List of the tested reaction models

Reaction model

Applied equation

 

First order

\(\frac{{{\text{d}}x}}{{{\text{d}}t}} = \sum A_{\text{i}} \exp \left( {\frac{{E_{\text{i}} }}{RT}} \right)\left( {1 - x} \right)\)

(5)

nth order

\(\frac{{{\text{d}}x}}{{{\text{d}}t}} = \sum A_{\text{i}} \exp \left( { - \frac{{E_{\text{i}} }}{RT}} \right)\left( {1 - x} \right)^{\text{n}}\)

(6)

Expanded nth order

\(\frac{{{\text{d}}x}}{{{\text{d}}t}} = \sum A_{\text{i}} \exp \left( { - \frac{{E_{\text{i}} }}{RT}} \right)\left( {x + z} \right)^{\text{m}} \left( {1 - x} \right)^{\text{n}}\)

(7)

Distributed activation energy model (DAEM)

\(\begin{aligned} \frac{{{\text{d}}x\left( t \right)}}{{{\text{d}}t}} & = \mathop \sum \limits_{j} \mathop \smallint \limits_{{E_{\text{j}} - \sigma }}^{{E_{\text{j}} + \sigma }} D_{\text{j}} \left( E \right){\text{d}}E\frac{{{\text{d}}x_{\text{j}} \left( {t,E_{\text{j}} } \right)}}{{{\text{d}}t}} \\ & = \mathop \sum \limits_{j} \mathop \smallint \limits_{{E_{\text{j}} - \sigma }}^{{E_{\text{j}} + \sigma }} D_{\text{j}} \left( E \right){\text{d}}EA_{\text{j}} \exp \left( { - \frac{{E_{\text{j}} }}{RT\left( t \right)}} \right)\left( {1 - x_{\text{j}} \left( {t,E} \right)} \right) \\ \end{aligned}\)

(8)

The first one is a simple first-order conversion function (n = 1, Eq. 5), the second one is a more general nth-order reaction (\(n \ne 1,\) Eq. 6), and the third one is expanded with \(\left( {x + z} \right)^{\text{m}}\) (Eq. 7) as it was suggested in the earlier work of Várhegyi et al. [18].

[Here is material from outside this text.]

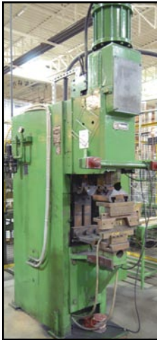
F-H WELDING ERC 12-150 press type welder

The third model has the most parameters, and some of them could be neglected in some cases, as it was already suggested [18], because more parameters to optimize demand more computation capacity, and in most cases, the precision of the results could not be increased above a limit. However, it was not investigated for this kind of samples, so in current work it was decided to let it in the original form. The influence of the different parameters and their potential neglecting will be evaluated by sensitivity analysis later in this work.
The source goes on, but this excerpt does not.